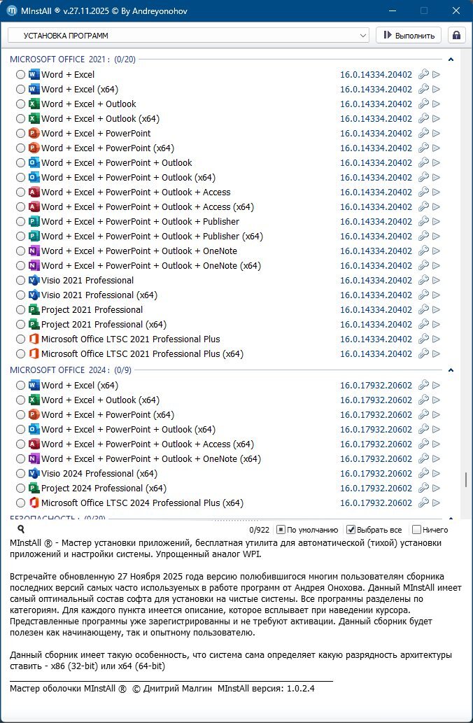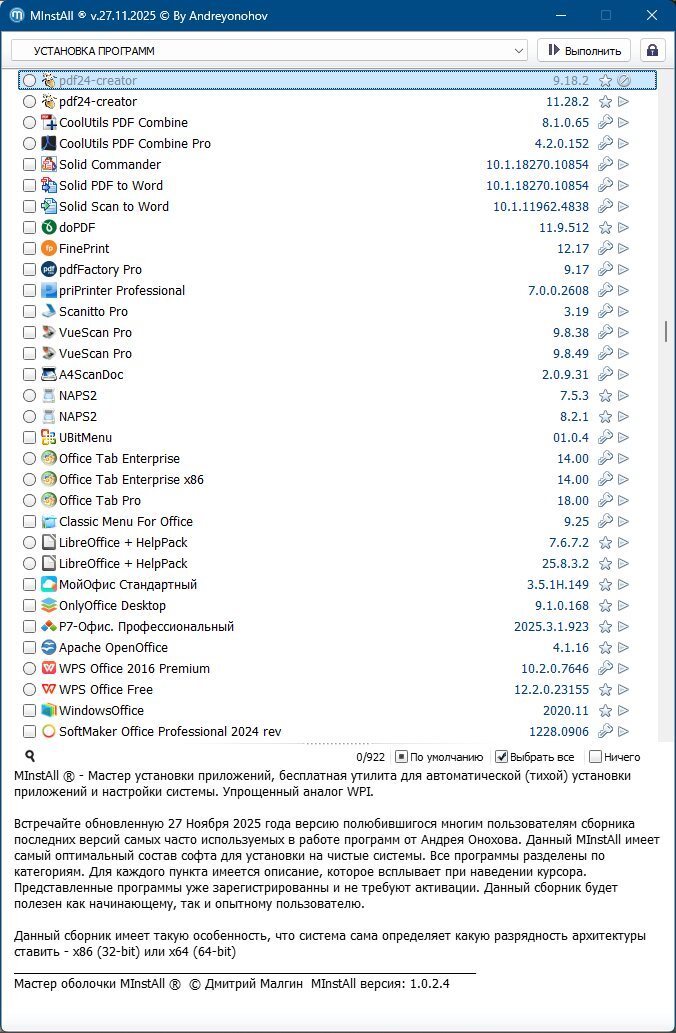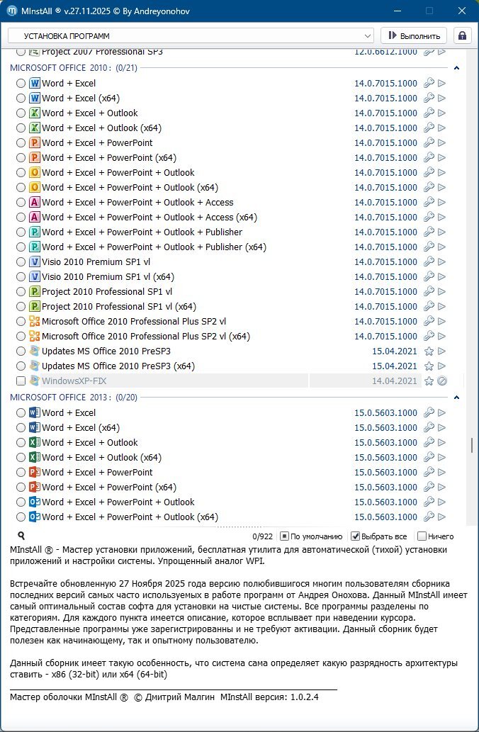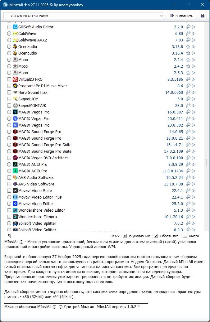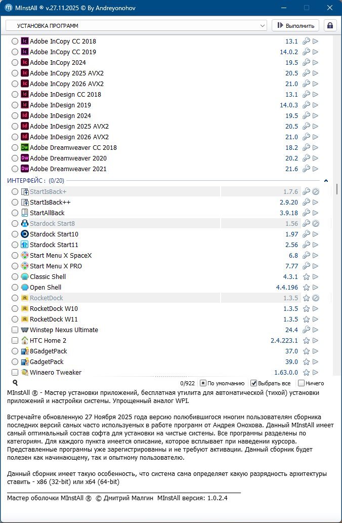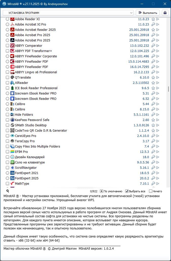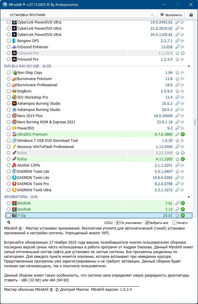 Самый популярный, обновленный 27 Ноября 2025 года полюбившийся многим пользователям сборник последних версий самых часто используемых в работе программ от Андрея Онохова. Теперь в новой, более простой и удобной оболочке MInstAll - это новый мастер установки приложений, упрощенный аналог WPI. Данный MInstAll имеет самый оптимальный состав софта для установки на чистые системы. Представленные программы уже зарегистрированы и не требуют активации.
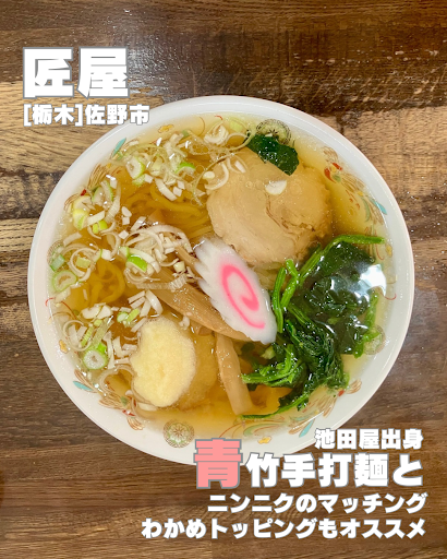 匠屋@栃木県佐野市吉水駅前3-4-10 どうも、さぴおです ✍️にんにくラーメン 880円 ______________ 🍥ポイント ✅動物のガラ感、醤油が香る青竹手打ちの佐野ラーメン! ✅池田屋出身!おすすめは『わかめラーメン』とのこと… ✅長めの青竹手打ち麺がニンニクの香気を引き立てまくります!  ̄ ̄ ̄ ̄ ̄ ̄ ̄ ̄ ̄ ̄ ̄ ̄ ̄ ̄ [点数] 81点...
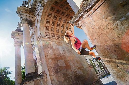 Klettertour aufs Siegestor?Mit dieser Fotomontage werben die Veranstalter der European Championships für die Europameisterschaften in neun Sparten, die im August 2022 in München ausgetragen werden. Im Programm ist auch Sportklettern – auf das Siegestor wird jedoch nicht gekraxelt.
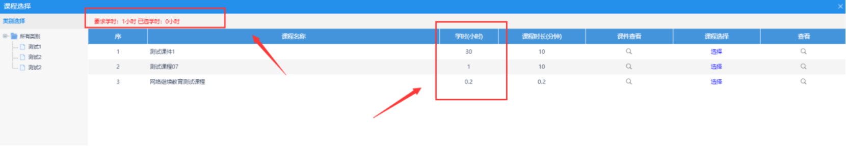 进入“选课管理”进行选课。根据提示选择所有继续教育课程。可点击“课件查看”和“查看”查看课件信息(需选够计划要求学时,学完才可进行能力测试)。
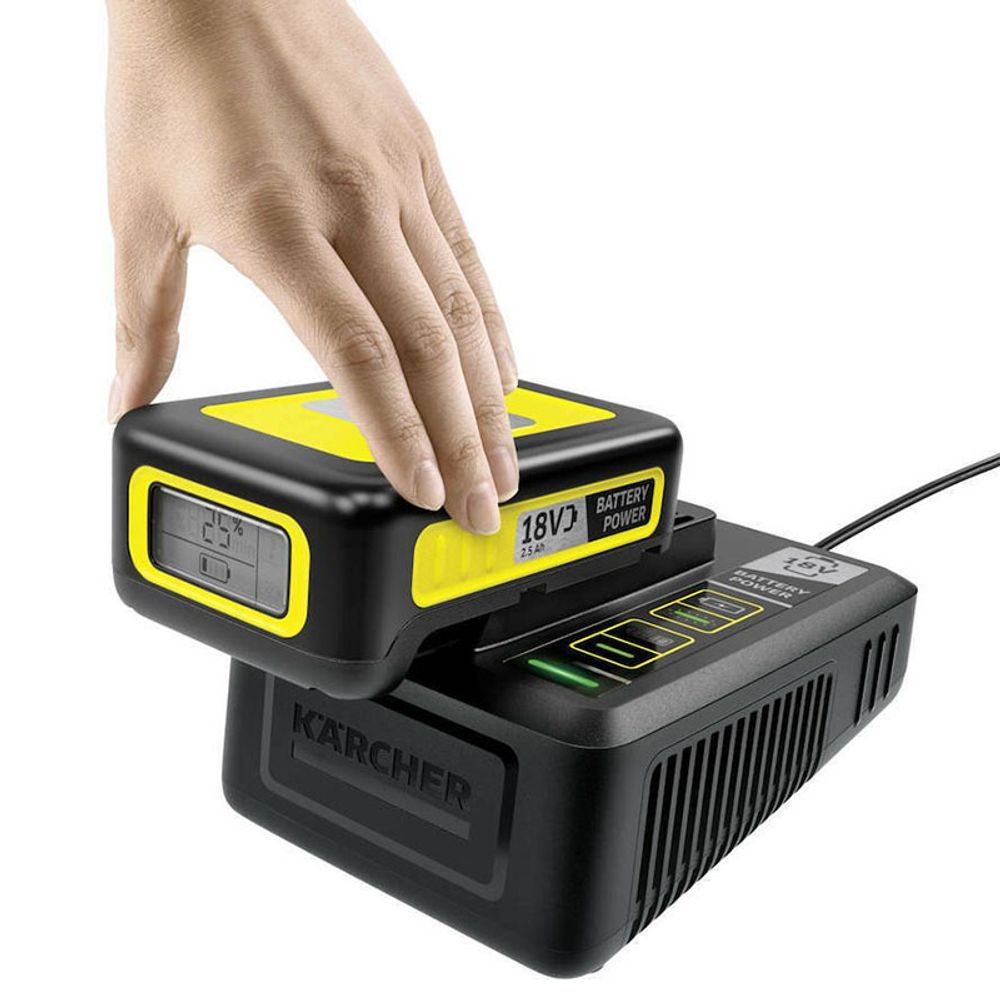 Ο φορτιστής ταχείας φόρτισης φορτίζει την ανταλλάξιμη μπαταρία 18 V/2.5 Ah Battery Power της Kärcher στο 80% μέσα σε μόλις 44 λεπτά και μπορεί να χρησιμοποιηθεί σε όλες τις μπαταρίες της πλατφόρμας μπαταριών 18 V της Kärcher.
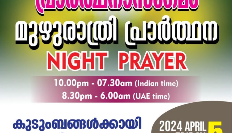 പ്രാർത്ഥനാസംഗമം ഒരുക്കുന്ന ‘മുഴുരാത്രി പ്രാർത്ഥന’ ഏപ്രിൽ 5, ഇന്ന് രാത്രി
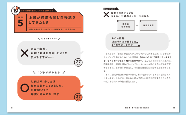 本書では、心理学の研究者が理論に基づき、「お願いする」「謝罪する」「言いにくいことを言う」「自己アピールする」「共感する」「ほめる」「叱る」「本音を引き出す」という8つのテーマにおける10秒の使い方を解説しています。
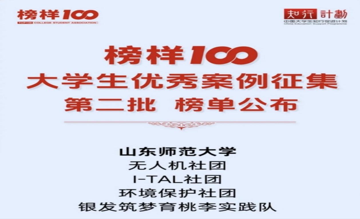 最终,凭借丰富的申报材料、突出的社团建设成果和鲜明的特色优势,我院在本次评选中收获亮眼成绩:无人机社团,I-TAL社团,环境保护社团、“银发筑梦育桃李”退休教师暑期访谈实践队成功入选“榜样100”榜单,凭借优质案例获得组委会认可。此次荣誉的取得,是对学院社团建设与学子实践能力的双重肯定。
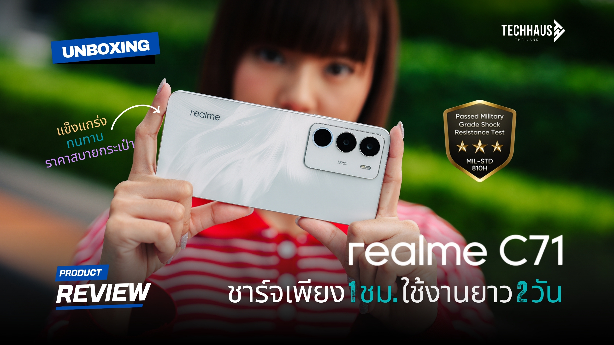 คุณสมบัติพิเศษที่น่าสนใจของ realme C71 คือการได้รับการรับรองมาตรฐาน MIL-STD-810H ซึ่งเป็นมาตรฐานการทดสอบความทนทานระดับทหารที่เข้มงวด

§ Required work
This task calls for the listing to be restated exactly, with images omitted.

§ Task result
 Самый популярный, обновленный 27 Ноября 2025 года полюбившийся многим пользователям сборник последних версий самых часто используемых в работе программ от Андрея Онохова. Теперь в новой, более простой и удобной оболочке MInstAll - это новый мастер установки приложений, упрощенный аналог WPI. Данный MInstAll имеет самый оптимальный состав софта для установки на чистые системы. Представленные программы уже зарегистрированы и не требуют активации.
 匠屋@栃木県佐野市吉水駅前3-4-10 どうも、さぴおです ✍️にんにくラーメン 880円 ______________ 🍥ポイント ✅動物のガラ感、醤油が香る青竹手打ちの佐野ラーメン! ✅池田屋出身!おすすめは『わかめラーメン』とのこと… ✅長めの青竹手打ち麺がニンニクの香気を引き立てまくります!  ̄ ̄ ̄ ̄ ̄ ̄ ̄ ̄ ̄ ̄ ̄ ̄ ̄ ̄ [点数] 81点...
 Klettertour aufs Siegestor?Mit dieser Fotomontage werben die Veranstalter der European Championships für die Europameisterschaften in neun Sparten, die im August 2022 in München ausgetragen werden. Im Programm ist auch Sportklettern – auf das Siegestor wird jedoch nicht gekraxelt.
 进入“选课管理”进行选课。根据提示选择所有继续教育课程。可点击“课件查看”和“查看”查看课件信息(需选够计划要求学时,学完才可进行能力测试)。
 Ο φορτιστής ταχείας φόρτισης φορτίζει την ανταλλάξιμη μπαταρία 18 V/2.5 Ah Battery Power της Kärcher στο 80% μέσα σε μόλις 44 λεπτά και μπορεί να χρησιμοποιηθεί σε όλες τις μπαταρίες της πλατφόρμας μπαταριών 18 V της Kärcher.
 പ്രാർത്ഥനാസംഗമം ഒരുക്കുന്ന ‘മുഴുരാത്രി പ്രാർത്ഥന’ ഏപ്രിൽ 5, ഇന്ന് രാത്രി
 本書では、心理学の研究者が理論に基づき、「お願いする」「謝罪する」「言いにくいことを言う」「自己アピールする」「共感する」「ほめる」「叱る」「本音を引き出す」という8つのテーマにおける10秒の使い方を解説しています。
 最终,凭借丰富的申报材料、突出的社团建设成果和鲜明的特色优势,我院在本次评选中收获亮眼成绩:无人机社团,I-TAL社团,环境保护社团、“银发筑梦育桃李”退休教师暑期访谈实践队成功入选“榜样100”榜单,凭借优质案例获得组委会认可。此次荣誉的取得,是对学院社团建设与学子实践能力的双重肯定。
 คุณสมบัติพิเศษที่น่าสนใจของ realme C71 คือการได้รับการรับรองมาตรฐาน MIL-STD-810H ซึ่งเป็นมาตรฐานการทดสอบความทนทานระดับทหารที่เข้มงวด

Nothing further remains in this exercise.